Gernot Erler, der Russlandbeauftragte der Bundesregierung Foto: dpa

Der ganze Umsetzungsprozess des Minsker Abkommens ist ins Stocken geraten. Doch jetzt gibt es einen neuen Anlauf, sagt der Russlandbeauftragte der Bundesregierung, Gernot Erler.

Stuttgart - Herr Erler, ist der Eindruck richtig, dass sich die Lage in der Ostukraine leicht beruhigt hat?

Eine Entwarnung kann es nicht geben, weil wir von den 13 Punkten, die das Abkommen von Minsk beinhaltet, noch nicht einen einzigen definitiv umgesetzt sehen. Es gibt auch weiterhin Beschuss von beiden Seiten. Insgesamt haben wir seit Beginn des Konflikts 6500 Tote zu beklagen. Das ist eine ganz problematische Situation. Aber seit dem 23. Juli gibt es eine Chance für einen Fortschritt in diesem Prozess.
Und die wäre?
Es wurde der Abzug von leichteren Waffen bis 100 Millimeter in einer Pufferzone von 30 Kilometern vereinbart. Und das wurde mit Nachdruck von der russischen Seite unterstützt. Das ist seit langer Zeit mal wieder eine gute Nachricht, weil der ganze Umsetzungsprozess des Minsker Abkommens ins Stocken zu geraten schien. Jetzt gibt es einen neuen Anlauf.
Und was ist mit den Wahlen?
Am 18. Oktober finden Kommunalwahlen statt, auch in der Ostukraine sind sie geplant. Freilich wird immer noch um die Vorbedingungen gerungen – um eine Verfassungsänderung, um einen Sonderstatus für die Gebiete von Donezk und Lugansk, um eine Amnestie.

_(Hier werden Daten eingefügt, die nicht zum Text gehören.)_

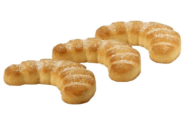 Ці апетитні ласощі у вигляді рогаликів принесуть свято у ваш дім. Випікається печиво в печі на борошні вищого гатунку. У продукті відсутні підсилювачі смаку, консерванти, барвники. Перед випіканням печиво декорується посипаним цукром. Виробнику вдалося досягти ідеального балансу - печиво досить тверде, щоб не ламатися в пачці, але при цьому легко можна відкусити невеликий шматочок і повною мірою насолодитися практично розсипчастим смаком. Спробувавши лише одне печиво, рука відразу ж потягнеться за наступним, дуже вже воно смачне.

Da ist noch keine Einigung erzielt worden. Es sieht so aus, dass die Wahlen in den abtrünnigen Gebieten erst später stattfinden. Das Gesamtprogramm von Minsk gerät dadurch in Rückstand.
Die Befürchtungen, dass die Separatisten ihren Einflussbereich weiter ausdehnen, haben sich nicht bewahrheitet, der Vormarsch auf Mariupol ist ausgeblieben. Ist das nicht ein positives Zeichen?
Da muss ich zustimmen. Es wird ja auch von der ukrainischen und russischen Seite sowie von den Sprechern der Separatisten unterstrichen, dass man sich an die Bestimmungen von Minsk halten wird. Gleichzeitig wirft man jeweils der anderen Seite vor, dies nicht zu tun. Die Umsetzung des Abkommens verläuft schleppend, aber es gibt auch keine Ausbrüche aus dem Rahmen.
Hat Moskau die Separatisten in der Ostukraine zurückgepfiffen?
Das vermute ich nicht nur, sondern es ist ganz offensichtlich, dass Russland ganz nachdrücklich für die am 23. Juli getroffene Vereinbarung geworben hat. Auch sahen sich die Separatisten veranlasst, einseitig Vollzug zu verkünden.
Haben die Sanktionen gegen Russland vielleicht doch Wirkung gezeigt?
Es ist schwer zu sagen, welche Einflüsse hier gewirkt haben. Ich bin sicher, dass die Sanktionen auch ihre Rolle spielen. Entscheidend ist, dass ein gewisser Wechsel in der russischen Politik eingetreten ist. Man hatte eine Zeit lang den Eindruck, dass Russland rein auf Konfrontationskurs gegangen ist – Stichwort Krim-Annexion und Unterstützung der Separatisten. Inzwischen sieht die russische Politik eine Chance, bei der Umsetzung des Minsker Abkommens in die Offensive zu kommen. Es ist eine Offensive, die darauf abzielt, die Isolierung aufzubrechen, in die Russland geraten ist.
Nach dem Abschluss des Iran-Abkommens hat US-Präsident Barack Obama den russischen Staatschef Wladimir Putin gelobt. Mit einer bestimmten Absicht?
Ich glaube, dass das auf keinen Fall zufällig gewesen ist. Das ist ein klares Signal, dass der Westen eine konstruktive russische Führung bei der Lösung von internationalen Problemen braucht. Es sieht danach aus, dass Russland ein Interesse daran hat, nicht dauerhaft in einer Ecke zu verharren. Auch der ukrainische Präsident Petro Poroschenko ist darauf bedacht, die Lage nicht eskalieren zu lassen. Es ist aber schwer einzuschätzen, wie stark seine Position ist. Man muss sehen, dass sich die wirtschaftliche Lage in seinem Land zuspitzt.